[REQUIRED ACTION] A verbatim copy of the listing is what is needed, minus any pictures.

=======

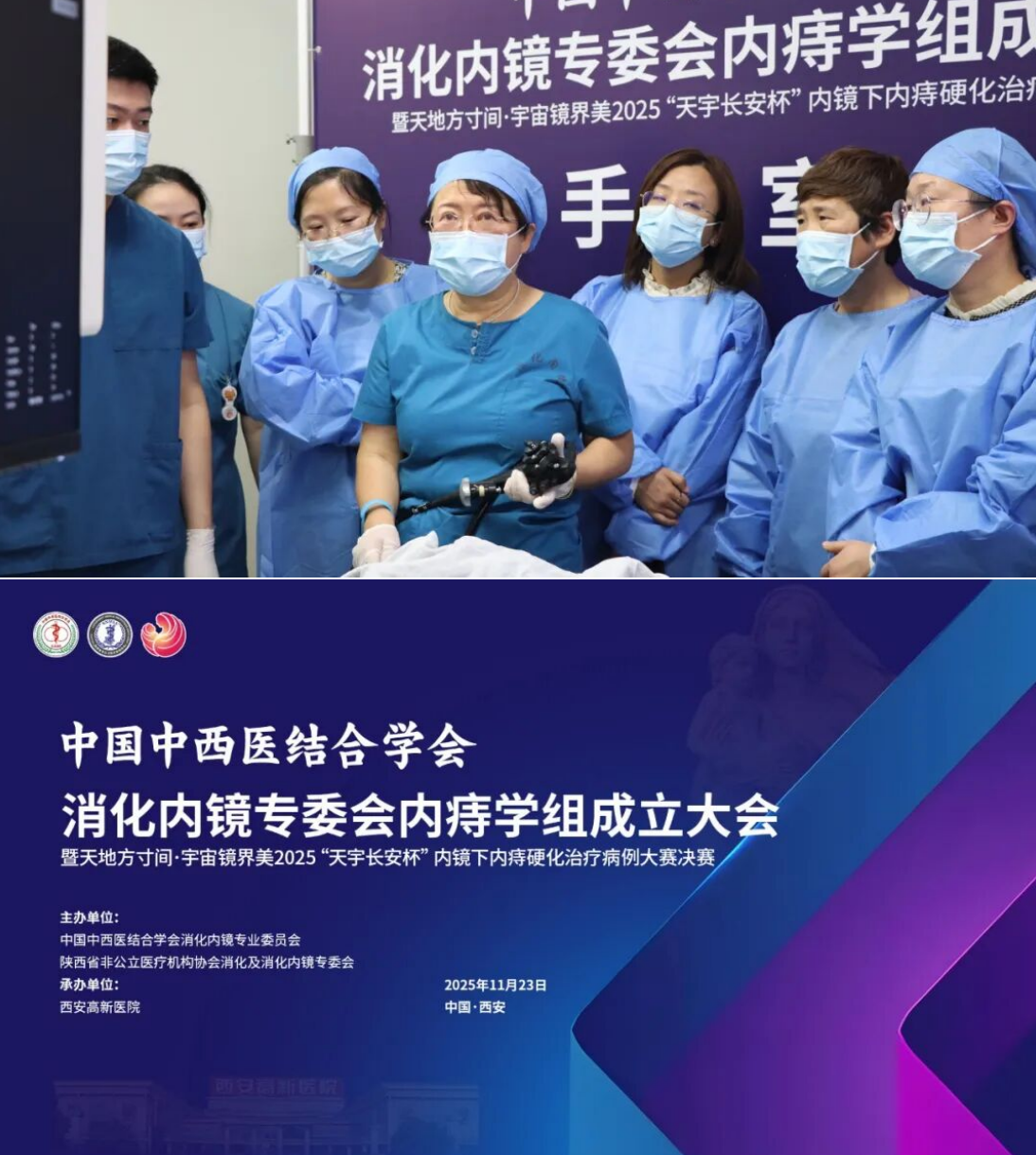 阳光讯(记者 郑亚雷)11月22日至23日,为进一步推动内痔微创诊疗技术的中西医结合发展,促进内镜下硬化治疗的规范化与创新,中国中西医结合学会消化内镜专业委员会内痔学组成立大会暨天地方寸间·宇宙镜界美2025“天宇长安杯”内镜下内痔硬化治疗病例大赛决赛在西安高新医院举办。本次盛会汇聚了国内消化内镜领域的顶尖专家,通过学术讲座、病例大赛、手术视频秀及现场演示等多种形式,全方位展示内痔诊治的最新进展与临床实践。
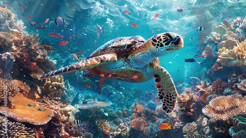 Fototapeta premium A sea turtle nesting among the coral formations, surrounded by a cloud of...
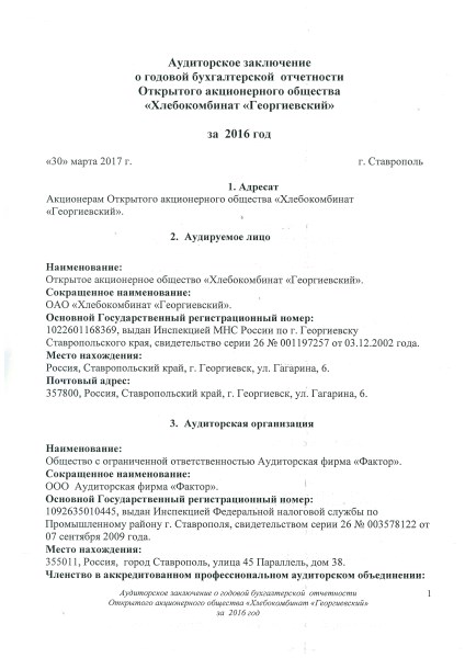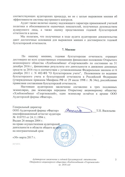 Аудиторское заключение годовой бухгалтерской отчетности за 2016 г
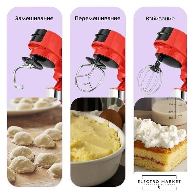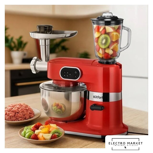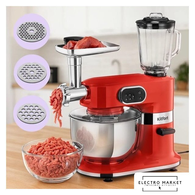 1500 Вт, планетарное смешивание, объем чаши: 6 л, мясорубка
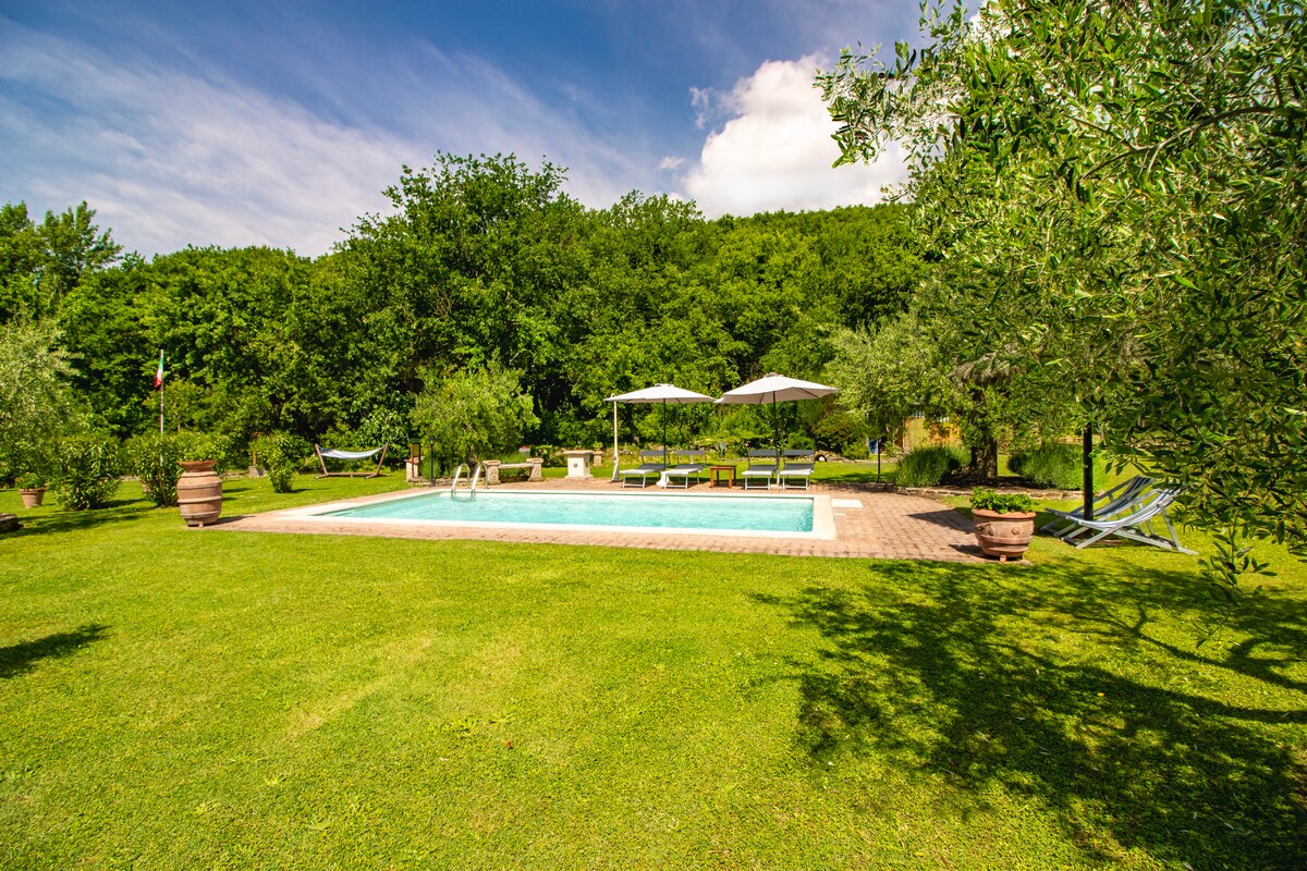 The Agriturismo Pomantello is an ancient stone country house, from the 16th Century, renovated in a natural architectural style, and picturesquely situated on a hilltop near Orvieto on the border of Umbria and Tuscany, offering an unique 360° panoramic view to the adjacent Nature Park and the medieval village Torre AlfinaThe mild climate and the beautiful surroundings make this, the right place to relax and unwind.
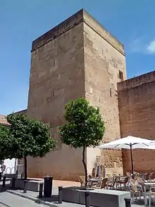The tower is square-shaped, the sides measuring 7.4 m (24 ft). Built of limestone ashlar blocks, arranged in alternating layers of headers and stretchers, it is accessed through two doors at right angles to each other. The outer door to the north has a pointed horseshoe arch while the inner door to the east leads into the ground floor which was once converted into a chapel. As a result, the building was also known as Torre de las Imágines (Tower of the Pictures) or Torre de San Benito (Saint Benedict's Tower). There are two upper floors in the tower, each with hemispherical vaulting. From the first floor, the city walls can be accessed through rounded arches to the north and south. The three rounded arches in the eastern wall once housed the chapel bells. There is disagreement as to whether the tower is of 12th-century Almohad origin or was built later during the Christian period.[3][4] It does however appear to have been consolidated as part of the defences following the Christian conquest of Córdoba in 1236.[5]
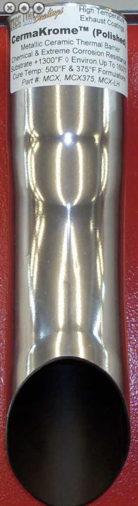 CermaKrome (MCX) is a metallic ceramic coating capable of providing extremely high levels of corrosion and chemical protection in a very thin film while producing a very high luster, near chrome appearance. When applied to exhaust systems, MCX will withstand substrate temperatures of over 1300�F and environmental temperatures of up to 1600�F (higher temperatures with a base coat or double coating). In addition, the direct flame will not cause delamination as long as substrate temperatures do not exceed this temperature. Due to its unique ceramic nature, the coating also functions as a very effective thermal barrier, with reduced thermal radiation characteristics. Requires a 500�F cure, with maximum hardness achieved with a 650�F cure. After curing, the coating requires �burnishing� to be sealed. This burnishing process can produce a very high luster, near chrome, appearance. MCX cures out to a very hard surface with excellent adhesion. The water-based solvent system provides for an environmentally friendly material with a bake/cure cycle that is not as hazardous as other thermally cured resin systems.
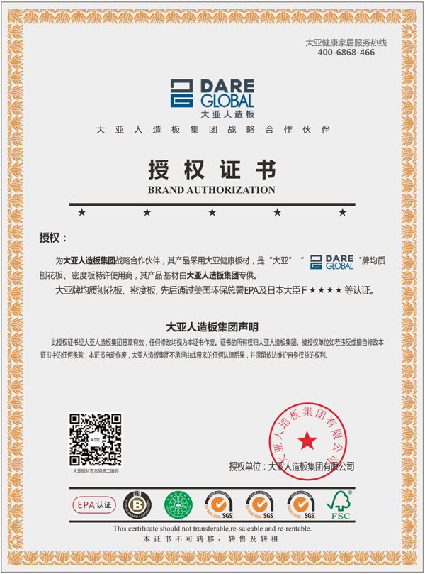 正因?yàn)榇髞喨嗽彀宓膬?yōu)秀,造就了它中國人造板頭部品牌的行業(yè)地位,也正因?yàn)榇髞喨嗽彀宓膬?yōu)秀,不法商家用劣質(zhì)產(chǎn)品假冒大亞板材的事時(shí)有發(fā)生。因此大亞人造板實(shí)施了嚴(yán)格的授權(quán)證書管理方案,讓消費(fèi)者買的放心,用的舒心。
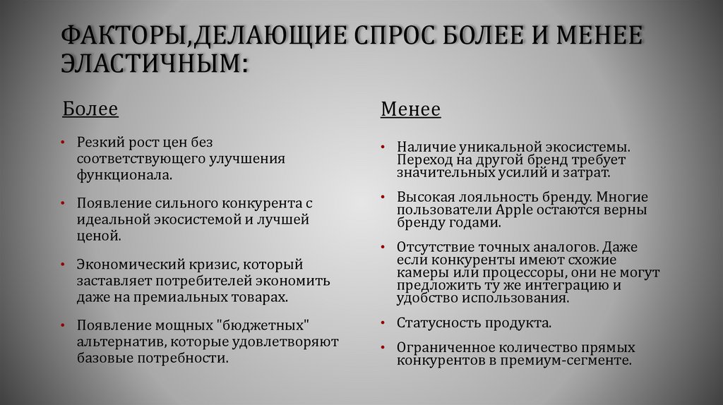ФАКТОРЫ,ДЕЛАЮЩИЕ СПРОС БОЛЕЕ И МЕНЕЕЭЛАСТИЧНЫМ:
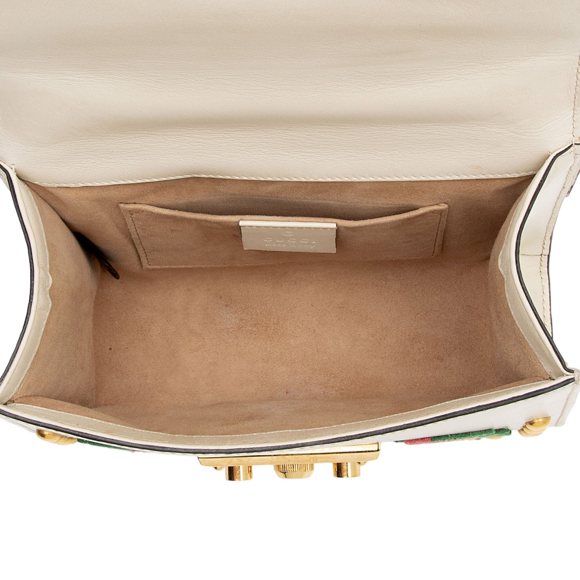 Gucci Calfskin Embroidered Padlock Small Shoulder Bag (SHF-IvAfyD)
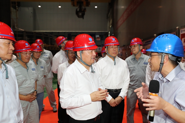 白鶴灘水電站是當今世界在建規(guī)模最大、技術難度最高的水電工程。郝鵬來到白鶴灘水電站,登上壩頂,俯瞰工程全貌,深入地下廠房左岸1號機組、右岸14號機組,看望慰問奮戰(zhàn)在一線的企業(yè)干部職工,與大家親切交流,詳細了解工程總體規(guī)劃、世界最大百萬千瓦水輪發(fā)電機組發(fā)電、庫區(qū)生態(tài)環(huán)境保護等情況。郝鵬指出,白鶴灘水電站是中央企業(yè)全產業(yè)鏈協(xié)同創(chuàng)新、自主創(chuàng)新的典型范例,由中國三峽集團牽頭,國家電網、東方電氣集團、哈電集團、中國電建、中國能建等積極參與,在水電工程的設計規(guī)劃、材料科學、裝備制造、施工技術、智能管理等領域實現(xiàn)了多項技術創(chuàng)新,創(chuàng)造了多個世界第一,令人鼓舞振奮、倍感自豪。要再接再厲、苦干實干,科學有序推進后續(xù)各項工作,高標準高質量打造精品工程,確保全部工程如期建成投產、安全穩(wěn)定運行,為實施好“西電東送”國家重大工程,保障國家能源安全提供有力支撐。
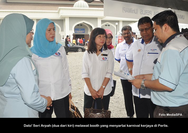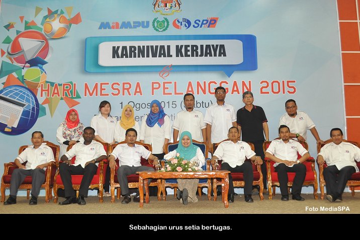 PERLIS, 1 Ogos ------ Suruhanjaya Perkhidmatan Awam Malaysia (S.P.A) telah mengadakan Karnival Kerjaya & Hari Mesra Pelanggan 2015 yang diadakan di Dewan Seri Melati Beseri, Perlis pada Sabtu lepas. Perasmian Karnival kerjaya anjuran bersama Suruhanjaya Perkhidmatan Pelajaran (SPP), Unit Tadbiran Dan Perancangan Pengurusan Manusia ( MAMPU) peringkat Negeri Perlis telah disempurnakan oleh Menteri Di Jabatan Perdana Menteri (JPM), Datuk Joseph Entulu Anak Belaun. Turut hadir Speaker Dewan Undangan Negeri, YB. Tuan Haji Hamdan Bahari, Pengerusi S.P.A, Dato’ Seri Arpah Abdul Razak, Pengerusi SPP, Tan Sri Dr. Haili Dolhan, Ketua Pengarah MAMPU Datuk Seri Zainal Rahim serta wakil Jabatan Kerajaan Negeri dan Persekutuan. ------  MediaSPA

=======

[ANSWER FOR THIS EXERCISE]
 阳光讯(记者 郑亚雷)11月22日至23日,为进一步推动内痔微创诊疗技术的中西医结合发展,促进内镜下硬化治疗的规范化与创新,中国中西医结合学会消化内镜专业委员会内痔学组成立大会暨天地方寸间·宇宙镜界美2025“天宇长安杯”内镜下内痔硬化治疗病例大赛决赛在西安高新医院举办。本次盛会汇聚了国内消化内镜领域的顶尖专家,通过学术讲座、病例大赛、手术视频秀及现场演示等多种形式,全方位展示内痔诊治的最新进展与临床实践。
 Fototapeta premium A sea turtle nesting among the coral formations, surrounded by a cloud of...
 Аудиторское заключение годовой бухгалтерской отчетности за 2016 г
 1500 Вт, планетарное смешивание, объем чаши: 6 л, мясорубка
 The Agriturismo Pomantello is an ancient stone country house, from the 16th Century, renovated in a natural architectural style, and picturesquely situated on a hilltop near Orvieto on the border of Umbria and Tuscany, offering an unique 360° panoramic view to the adjacent Nature Park and the medieval village Torre AlfinaThe mild climate and the beautiful surroundings make this, the right place to relax and unwind.
The tower is square-shaped, the sides measuring 7.4 m (24 ft). Built of limestone ashlar blocks, arranged in alternating layers of headers and stretchers, it is accessed through two doors at right angles to each other. The outer door to the north has a pointed horseshoe arch while the inner door to the east leads into the ground floor which was once converted into a chapel. As a result, the building was also known as Torre de las Imágines (Tower of the Pictures) or Torre de San Benito (Saint Benedict's Tower). There are two upper floors in the tower, each with hemispherical vaulting. From the first floor, the city walls can be accessed through rounded arches to the north and south. The three rounded arches in the eastern wall once housed the chapel bells. There is disagreement as to whether the tower is of 12th-century Almohad origin or was built later during the Christian period.[3][4] It does however appear to have been consolidated as part of the defences following the Christian conquest of Córdoba in 1236.[5]
 CermaKrome (MCX) is a metallic ceramic coating capable of providing extremely high levels of corrosion and chemical protection in a very thin film while producing a very high luster, near chrome appearance. When applied to exhaust systems, MCX will withstand substrate temperatures of over 1300�F and environmental temperatures of up to 1600�F (higher temperatures with a base coat or double coating). In addition, the direct flame will not cause delamination as long as substrate temperatures do not exceed this temperature. Due to its unique ceramic nature, the coating also functions as a very effective thermal barrier, with reduced thermal radiation characteristics. Requires a 500�F cure, with maximum hardness achieved with a 650�F cure. After curing, the coating requires �burnishing� to be sealed. This burnishing process can produce a very high luster, near chrome, appearance. MCX cures out to a very hard surface with excellent adhesion. The water-based solvent system provides for an environmentally friendly material with a bake/cure cycle that is not as hazardous as other thermally cured resin systems.
 正因?yàn)榇髞喨嗽彀宓膬?yōu)秀,造就了它中國人造板頭部品牌的行業(yè)地位,也正因?yàn)榇髞喨嗽彀宓膬?yōu)秀,不法商家用劣質(zhì)產(chǎn)品假冒大亞板材的事時(shí)有發(fā)生。因此大亞人造板實(shí)施了嚴(yán)格的授權(quán)證書管理方案,讓消費(fèi)者買的放心,用的舒心。
ФАКТОРЫ,ДЕЛАЮЩИЕ СПРОС БОЛЕЕ И МЕНЕЕЭЛАСТИЧНЫМ:
 Gucci Calfskin Embroidered Padlock Small Shoulder Bag (SHF-IvAfyD)
 白鶴灘水電站是當今世界在建規(guī)模最大、技術難度最高的水電工程。郝鵬來到白鶴灘水電站,登上壩頂,俯瞰工程全貌,深入地下廠房左岸1號機組、右岸14號機組,看望慰問奮戰(zhàn)在一線的企業(yè)干部職工,與大家親切交流,詳細了解工程總體規(guī)劃、世界最大百萬千瓦水輪發(fā)電機組發(fā)電、庫區(qū)生態(tài)環(huán)境保護等情況。郝鵬指出,白鶴灘水電站是中央企業(yè)全產業(yè)鏈協(xié)同創(chuàng)新、自主創(chuàng)新的典型范例,由中國三峽集團牽頭,國家電網、東方電氣集團、哈電集團、中國電建、中國能建等積極參與,在水電工程的設計規(guī)劃、材料科學、裝備制造、施工技術、智能管理等領域實現(xiàn)了多項技術創(chuàng)新,創(chuàng)造了多個世界第一,令人鼓舞振奮、倍感自豪。要再接再厲、苦干實干,科學有序推進后續(xù)各項工作,高標準高質量打造精品工程,確保全部工程如期建成投產、安全穩(wěn)定運行,為實施好“西電東送”國家重大工程,保障國家能源安全提供有力支撐。
 PERLIS, 1 Ogos ------ Suruhanjaya Perkhidmatan Awam Malaysia (S.P.A) telah mengadakan Karnival Kerjaya & Hari Mesra Pelanggan 2015 yang diadakan di Dewan Seri Melati Beseri, Perlis pada Sabtu lepas. Perasmian Karnival kerjaya anjuran bersama Suruhanjaya Perkhidmatan Pelajaran (SPP), Unit Tadbiran Dan Perancangan Pengurusan Manusia ( MAMPU) peringkat Negeri Perlis telah disempurnakan oleh Menteri Di Jabatan Perdana Menteri (JPM), Datuk Joseph Entulu Anak Belaun. Turut hadir Speaker Dewan Undangan Negeri, YB. Tuan Haji Hamdan Bahari, Pengerusi S.P.A, Dato’ Seri Arpah Abdul Razak, Pengerusi SPP, Tan Sri Dr. Haili Dolhan, Ketua Pengarah MAMPU Datuk Seri Zainal Rahim serta wakil Jabatan Kerajaan Negeri dan Persekutuan. ------  MediaSPA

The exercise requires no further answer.